The new regulation introduces a clear five-year deadline to claim or utilise tax credits. If businesses fail to recover or offset these credits within the allowed period, the amount will expire permanently. For many companies, this could result in significant financial losses if proper tax management systems are not in place.
Understanding the New Five-Year Tax Credit Rule
Under the updated UAE tax law, businesses now have a maximum of five years from the date a tax credit arises to either:
- Offset the credit against future tax liabilities, or
- Submit a refund claim to the Federal Tax Authority (FTA)
Once the five-year period passes, the unused tax credit can no longer be recovered.
Previously, many companies treated VAT and other tax credits as long-term balance sheet assets without urgency. However, the new law removes that flexibility and places greater responsibility on businesses to actively monitor and manage their tax positions.
Why This Change Matters for UAE Businesses
For companies with large accumulated VAT balances, the impact can be substantial. Businesses that delay refund applications or fail to track older credits may lose valuable amounts permanently.
This regulation also reflects the UAE government’s broader push toward stronger tax compliance, transparency, and financial governance.
Businesses are now expected to maintain more accurate tax records, monitor credit aging, and ensure timely action before deadlines expire.
Industries Most at Risk of Losing Tax Credits
Certain sectors are more exposed due to the nature of their operations and long business cycles.

Real Estate and Construction
Developers and construction companies often accumulate high input VAT during lengthy project phases. Delays in projects or refund applications can increase the risk of credits expiring before they are utilised.
Free Zone Companies
Some free zone businesses may generate tax credits that are difficult to offset, especially if their activities do not create sufficient taxable VAT supplies.
Healthcare, Education, and Financial Services
These industries regularly deal with exempt, zero-rated, and standard-rated transactions, making VAT recovery more complex and increasing the chances of unclaimed credits.
Startups and New Businesses
Many startups incur large setup expenses before generating revenue. Without proper tax planning, early-stage VAT credits may remain unused and eventually expire.
Common Tax Credit Management Mistakes
Many UAE businesses unintentionally place themselves at risk due to avoidable tax management issues.

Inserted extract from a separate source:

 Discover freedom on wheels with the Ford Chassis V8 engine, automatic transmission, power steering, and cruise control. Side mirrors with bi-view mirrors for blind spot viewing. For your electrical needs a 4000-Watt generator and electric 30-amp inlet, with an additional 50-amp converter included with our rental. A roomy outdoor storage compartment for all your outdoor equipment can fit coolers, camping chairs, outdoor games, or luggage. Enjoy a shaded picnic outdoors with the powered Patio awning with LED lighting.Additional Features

Delayed Refund Applications
One of the most common mistakes is postponing VAT refund claims. Businesses often leave excess input VAT sitting in their FTA accounts for extended periods, assuming it can be claimed later.
Incorrect Tax Classification
Misclassifying supplies or transactions can result in missed input tax recovery opportunities and future corrections during tax audits.

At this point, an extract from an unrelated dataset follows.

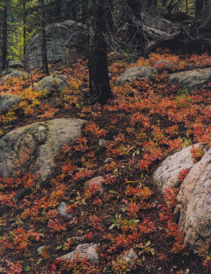 Blueberry Bushes, Rocks, Spruce Trunks, Independence Pass Road, Colorado, September 16, 1959

Lack of Coordination Between Tax Functions
When VAT, Corporate Tax, and Excise Tax are handled separately, businesses may overlook deadlines or fail to identify unused credits on time.

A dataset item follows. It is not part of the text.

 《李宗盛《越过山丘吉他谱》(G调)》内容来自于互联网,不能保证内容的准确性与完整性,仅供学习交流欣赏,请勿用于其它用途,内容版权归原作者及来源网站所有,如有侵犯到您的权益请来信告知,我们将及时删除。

Steps Businesses Should Take Immediately
To avoid losing valuable tax credits, UAE businesses should take proactive measures now.
Conduct a Full Tax Credit Review
Businesses should reconcile their accounting records with FTA balances to identify all outstanding tax credits and their expiry timelines.
File Refund Claims Promptly
Any recoverable VAT or tax credit nearing expiration should be claimed immediately to avoid permanent loss.
Review Historical Tax Filings
Companies should also review previous tax returns and consider voluntary disclosures if errors or missed claims are identified.
Strengthen Internal Tax Processes
Implementing a structured tax compliance system can help businesses track deadlines, monitor credits, and reduce future risks.
Increased FTA Monitoring and Compliance
The Federal Tax Authority is expected to strengthen monitoring and audit procedures under the new framework. Advanced digital systems will likely allow the FTA to track aging tax credits and identify expired balances automatically.
As a result, businesses must be prepared to demonstrate proper tax governance, accurate reporting, and timely management of tax credits.
The Future of Tax Compliance in the UAE
The introduction of the five-year rule signals a major shift in the UAE’s tax system. Tax compliance is no longer simply an administrative task. It has become a strategic financial function that requires ongoing oversight from management teams and business owners.
Companies that establish strong tax management processes today will be better positioned to protect cash flow, maintain compliance, and avoid unnecessary financial losses in the future.
Final Thoughts
The UAE’s updated tax regulations have created a clear deadline for managing VAT and tax credits. Businesses that ignore these timelines risk losing recoverable amounts permanently.
Now is the time for companies to review their tax positions, strengthen compliance procedures, and seek professional guidance where necessary. Proper planning today can prevent costly losses tomorrow and ensure long-term financial stability in the evolving UAE tax environment.